INPUT FOR THIS TASK:
━━━━

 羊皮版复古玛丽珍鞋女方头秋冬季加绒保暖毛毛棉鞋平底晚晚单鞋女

━━━━

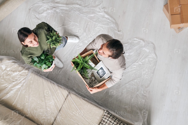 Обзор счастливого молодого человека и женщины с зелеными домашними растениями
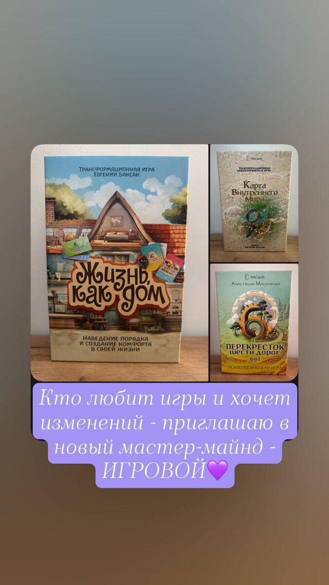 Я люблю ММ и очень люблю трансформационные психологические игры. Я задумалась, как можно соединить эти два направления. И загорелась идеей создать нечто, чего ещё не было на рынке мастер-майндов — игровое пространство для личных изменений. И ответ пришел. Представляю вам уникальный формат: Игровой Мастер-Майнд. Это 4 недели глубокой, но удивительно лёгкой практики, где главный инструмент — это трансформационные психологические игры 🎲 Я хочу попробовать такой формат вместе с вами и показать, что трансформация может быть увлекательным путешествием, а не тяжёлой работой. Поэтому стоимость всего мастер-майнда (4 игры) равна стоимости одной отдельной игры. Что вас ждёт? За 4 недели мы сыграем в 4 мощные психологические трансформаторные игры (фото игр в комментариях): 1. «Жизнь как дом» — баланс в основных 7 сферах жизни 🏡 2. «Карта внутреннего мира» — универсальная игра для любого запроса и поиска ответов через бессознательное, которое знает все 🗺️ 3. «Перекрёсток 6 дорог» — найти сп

━━━━

EXERCISE AIM:
Only the lines between the one with "Обзор счастливого молодого" and the one with "Я люблю ММ и", those two included, get copied from the material above. Keep it exact and free of pictures.

REPLY:
 Обзор счастливого молодого человека и женщины с зелеными домашними растениями
 Я люблю ММ и очень люблю трансформационные психологические игры. Я задумалась, как можно соединить эти два направления. И загорелась идеей создать нечто, чего ещё не было на рынке мастер-майндов — игровое пространство для личных изменений. И ответ пришел. Представляю вам уникальный формат: Игровой Мастер-Майнд. Это 4 недели глубокой, но удивительно лёгкой практики, где главный инструмент — это трансформационные психологические игры 🎲 Я хочу попробовать такой формат вместе с вами и показать, что трансформация может быть увлекательным путешествием, а не тяжёлой работой. Поэтому стоимость всего мастер-майнда (4 игры) равна стоимости одной отдельной игры. Что вас ждёт? За 4 недели мы сыграем в 4 мощные психологические трансформаторные игры (фото игр в комментариях): 1. «Жизнь как дом» — баланс в основных 7 сферах жизни 🏡 2. «Карта внутреннего мира» — универсальная игра для любого запроса и поиска ответов через бессознательное, которое знает все 🗺️ 3. «Перекрёсток 6 дорог» — найти сп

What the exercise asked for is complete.